Ordinanza interlocutoria di Cassazione Civile Sez. 5 Num. 29281 Anno 2023
Civile Ord. Sez. 5 Num. 29281 Anno 2023
Presidente: COGNOME NOME
Relatore: COGNOME NOME
Data pubblicazione: 20/10/2023
ORDINANZA INTERLOCUTORIA
sul ricorso iscritto al n. 25612/2020 R.G. proposto da:
RAGIONE_SOCIALE, elettivamente domiciliato in INDIRIZZO, presso lo studio dell’avvocato AVV_NOTAIO GENERALE DELLO STATO . (P_IVA) che lo rappresenta e difende
-ricorrente-
contro
COGNOME NOME, domiciliato ex lege in ROMA, INDIRIZZO presso la CANCELLERIA della CORTE di CASSAZIONE, rappresentato e difeso dall’avvocato COGNOME NOME (CODICE_FISCALE)
-controricorrente-
avverso SENTENZA di COMM.TRIB.REG. L’AQUILA n. 154/2020 depositata il 28/02/2020.
Udita la relazione svolta nella camera di consiglio del 17/10/2023 dal Consigliere NOME COGNOME.
Ritenuto che:
1.l’RAGIONE_SOCIALE delle entrate ricorre per la cassazione della sentenza della CTR dell’Abruzzo che, in controversia su impugnazione, da parte di NOME COGNOME, di avviso di liquidazione per imposta di registro anno 2015, derivante dal recupero delle agevolazioni provvisoriamente fruite per l’acquisto di un immobile da adibire a ‘prima casa’, ha respinto l’appello dell’Ufficio.

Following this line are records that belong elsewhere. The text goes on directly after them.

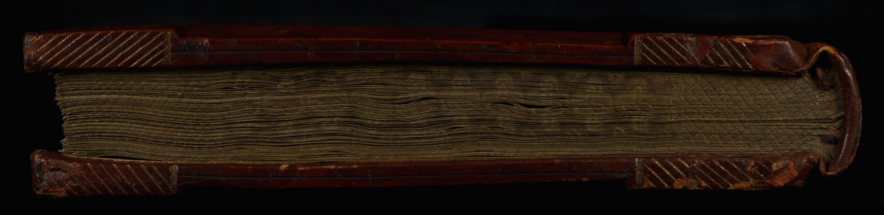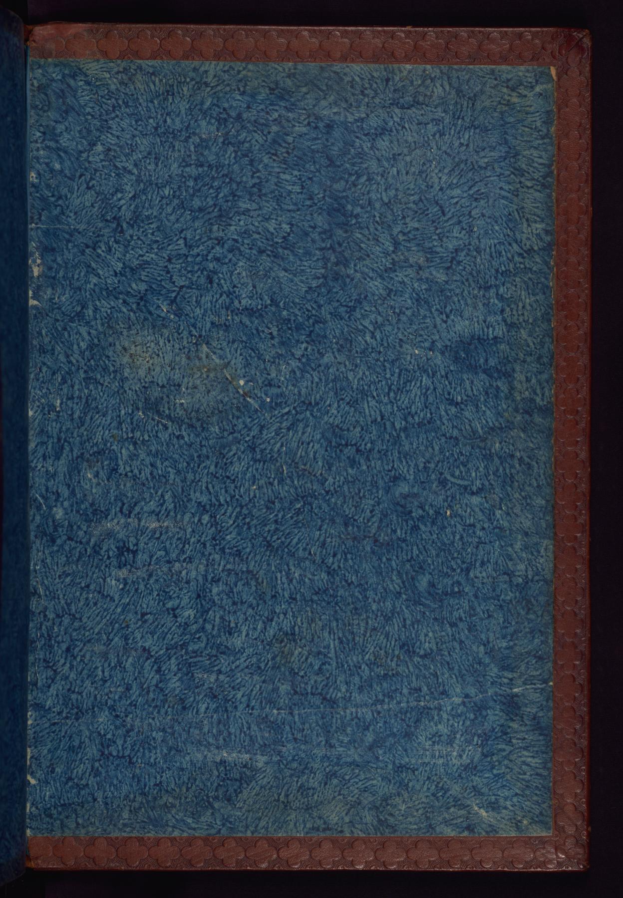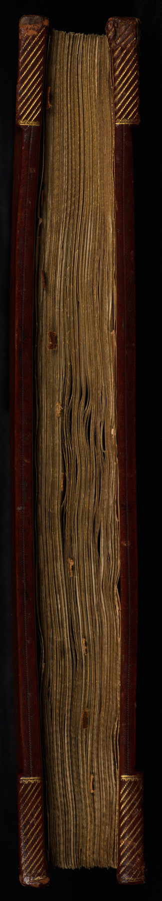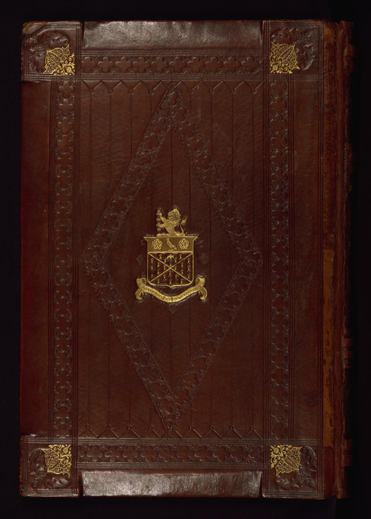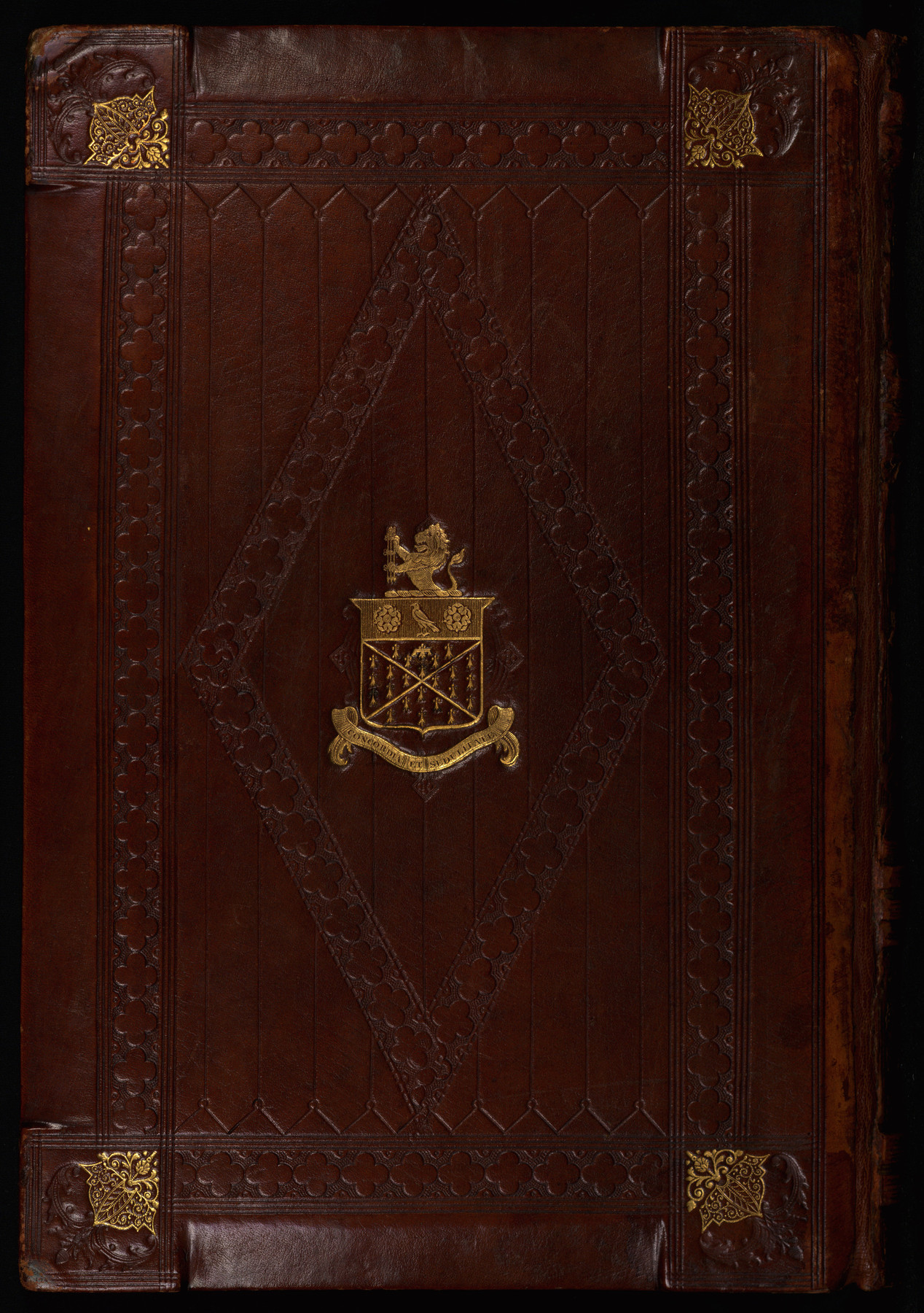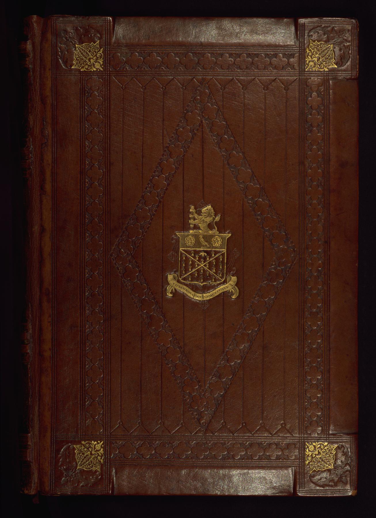 brown calf leather with later-blocked John Louis Goldsmid arms over millboard, by Faulkner ca. 1815, rebacked; twentieth-century blue marbled paper pastedowns and brown ribbon
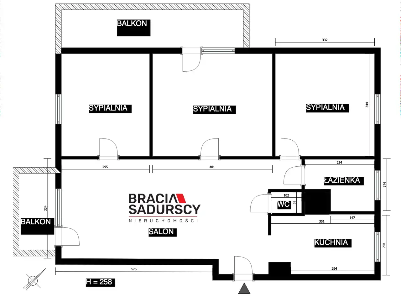 - Przestronny salon z balkonem – jasne wnętrze z dużą ilością naturalnego światła,- 2 x ustawna sypialnia ( w tym jedna z dodatkowym balkonem loggia) – zapewnia prywatność i komfort,
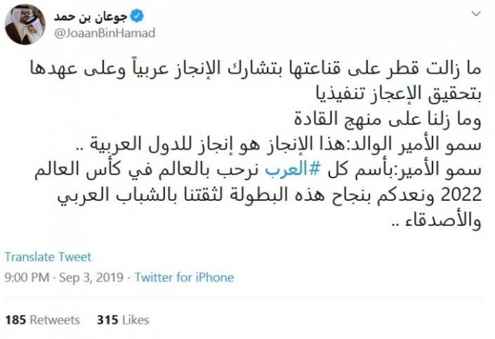 وختم سعادته التغريدة بما قاله حضرة صاحب السمو الشيخ تميم بن حمد آل ثاني أمير البلاد المفدى، حول استضافة قطر المونديال حين قال: "بأسم كل العرب نرحب بالعالم في كأس العالم 2022 ونعدكم بنجاح هذه البطولة لثقتنا بالشباب العربي والأصدقاء".
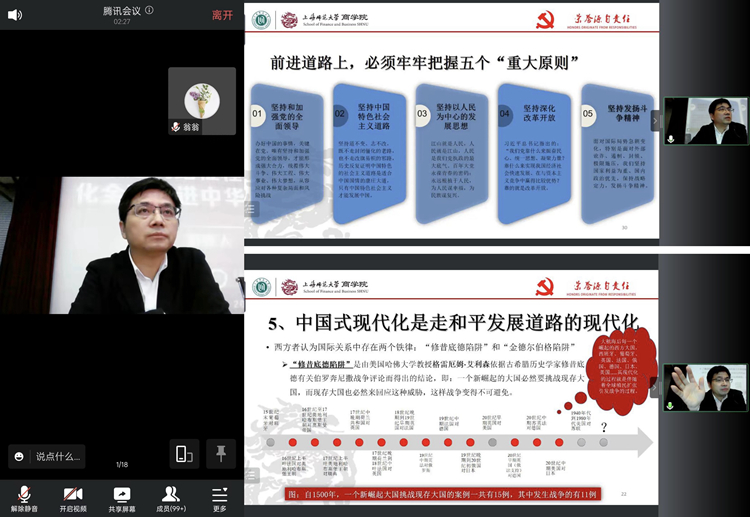 为进一步引导广大教职工全面准确学习领会党的二十大精神,将思想行动统一到党的二十大精神上来,12月8日下午,哲法学院邀请校党的二十大精神专家理论宣讲团成员、商学院党委副书记、院长刘江会教授为全院师生线上开展《举旗定向踏征程,以中国式现代化全面推进中华中华民族伟大复兴》党的二十大报告解读专题报告。

La CTR ha riconosciuto il beneficio all’acquirente di immobile in stato di collabenza sito nel Comune de L’Aquila, rientrante nella categoria di immobile abitativo, in presenza dei requisiti per fruire dell’agevolazione (impossidenza di altra abitazione e residenza nel Comune), sul presupposto che non avesse rilievo lo stato di collabenza dato c he esso ‘sta solo a significare che in quel momento l’edificio, per le sue caratteristiche di degrado strutturale, non era abitabile; ma rientrava pur sempre in una categoria di immobile idoneo all’uso abitativo, previa esecuzione dei relativi lavori’. La CTR ha aggiunto che non poteva essere addebitato alla contribuente il ritardo dei lavori di ristrutturazione in quanto ciò ‘non incide sul regime fiscale, trattandosi di un adempimento materiale successivo’. Infine la CTR ha dichiarato irrilevante che nell ‘atto di acquisto non fosse stata fatta menzione di una dichiarazione integrativa di riunione dei vari subalterni in unica unità immobiliare, data la natura pertinenziale di tali subalterni rispetto all’immobile principale acquistato;
NOME COGNOME resiste con controricorso; considerato che:
1.con l’unico motivo viene lamentata violazione o falsa applicazione dell’art.1 parte 1, nota II -bis, del d.P.R. 26 aprile 1986, n.131, in relazione all’art. 360, primo comma, n.3 c.p.c., per avere la CTR erroneamente ritenuto che la contribuente potesse fruire dell’agevolazione ‘prima casa’ anche nell’ipotesi di acquisto di un immobile collabente di categoria catastale F/2 da ristrutturare al fine di destinarlo ad abitazione principale;
Il Collegio ritiene che la questione sollevata dalla ricorrente, della possibilità di avvalimento della ridetta agevolazione per edifici accatastati in categoria F/2, collabenti, e suscettivi di divenire utili a fini abitativi mediante lavori di ristrutturazione, sia di particolare rilevanza, anche nomofilattica, con conseguente necessità che la stessa sia trattata nella pubblica udienza;
PQM
la Corte rinvia la causa a nuovo ruolo, disponendone la trattazione in pubblica udienza.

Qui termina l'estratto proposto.